Проза Довлатова обманчиво проста. Даже поклонникам писателя вспыхнувший в начале 1990-х годов интерес к наследию «последнего культурного героя советской эпохи» (так называли Довлатова критики) казался быстротечным. Выдержав серьезную проверку временем, его произведения («Зона», «Заповедник», «Наши», «Иностранка», «Чемодан» и др.) и сегодня востребованы читателями. В чем же секрет мастерства Довлатова – поможет разобраться эта книга.
Издание снабжено вклейкой с фотографиями.
Сергей Довлатов: время, место, судьба - Игорь Николаевич Сухих читать онлайн бесплатно
Игорь Сухих
Сергей Довлатов: время, место, судьба
Рецензенты:
доктор филологических наук А. Д. Степанов (СПбГУ),
кандидат искусствоведения А. Д. Семкин (РГИСИ)
В издании упоминается Александр Александрович Генис, признанный иностранным агентом.
© И. Н. Сухих, 2025
© Н. Н. Аловерт, фото, 2025
© Н. Я. Шарымова, фото, 2025
© Оформление
ООО «Издательство АЗБУКА», 2025
⁂
Предисловие–2025
Книга «Сергей Довлатов: время, место, судьба» выходит пятым изданием, ровно через тридцать лет после первого, что для работ подобного жанра – удивительное исключение. Ю. М. Лотман определял «короткое филологическое бессмертие» в 25 лет.
Бо́льшая заслуга в этом, конечно, не автора, но героя.
Вспышка интереса к творчеству С. Д., даже его поклонникам казавшаяся поначалу странной и преходящей, превратилась в ровное горение.

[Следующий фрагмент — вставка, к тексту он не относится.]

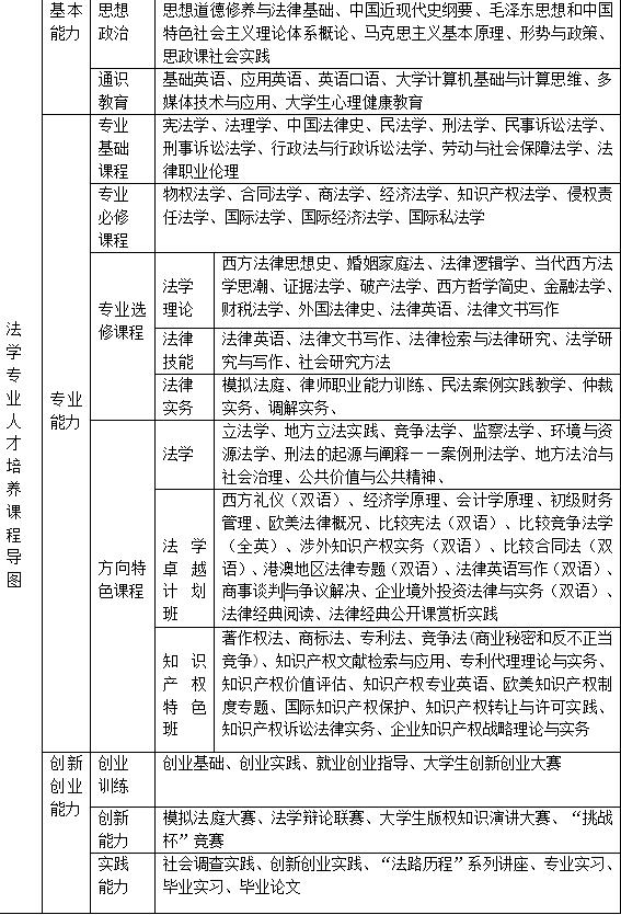 2、多层次的课程体系建设:以民商法方向为主,经济法、国际法方向为辅的专业课程体系建设;卓越计划班开设涉外类和经管类课程;开设了不同模块的专业选修课程;

За три десятилетия непрерывных переизданий, в общем-то, небольшого литературного наследия простодушный Рассказчик превратился в современного классика, одного из последних культурных героев советской эпохи. Вакансии мрачного Поэта-метафизика и сурового Писателя-общественника заняты последними русскими нобелевскими лауреатами.
Уступая им в официальных почестях, С. Д., пожалуй, превосходит всех в читательской любви. Критиков, тайных и явных недоброжелателей, у него явно меньше. Мемуары и псевдомемуары «о Сереже» можно измерять уже не страницами, а килограммами. Как положено, появилась и биография в серии «Жизнь замечательных людей» – чуть позднее, чем Бродского, Солженицына, Окуджавы, но раньше, чем Трифонова, Леонова, Фадеева и других диссидентов и классиков советской эпохи. К очередному юбилею автор «Пяти углов» (так и не опубликованная первая книга) вернулся в родной город – памятником. Издано, наконец, достаточно полное и впервые комментированное Собрание сочинений (СПб.: Азбука-Аттикус, 2019; 2-е изд. – 2024).
«Обидеть Довлатова легко, а понять – трудно».
Понять Довлатова-писателя за пределами узкого академического круга по-прежнему пытаются немногие. На одной чаше весов – пара малотиражных исследований, несколько десятков (уже!) диссертаций, сотни статей. На другой – необозримое море заметок и колонок, репортажей из «довлатовских» мест, интервью с «посвященными», мнений, обсуждений и даже «Виртуал текстов Сергея Довлатова», живой журнал с того света, датированный 8 сентября 2002 года – 19 августа (не символическая ли дата?) 2008 года (https://dovlatov.livejournal.com).
В этой книге читателю предлагается опыт понимания. Возможно, он покажется кому-то менее занимательным, чем подробности несостоявшегося романа или справка о количестве выпитого в «нашей компании». Но чтение и понимание – высший род уважения к пишущему человеку.
Писатели обычно задираются: им не филологи с критиками нужны, а дружеское мнение да читательская любовь. В таких случаях я вспоминаю чеховского героя: «Мы друг перед другом нос дерем, а жизнь знай себе проходит».
Последним читателем любого автора окажется филолог.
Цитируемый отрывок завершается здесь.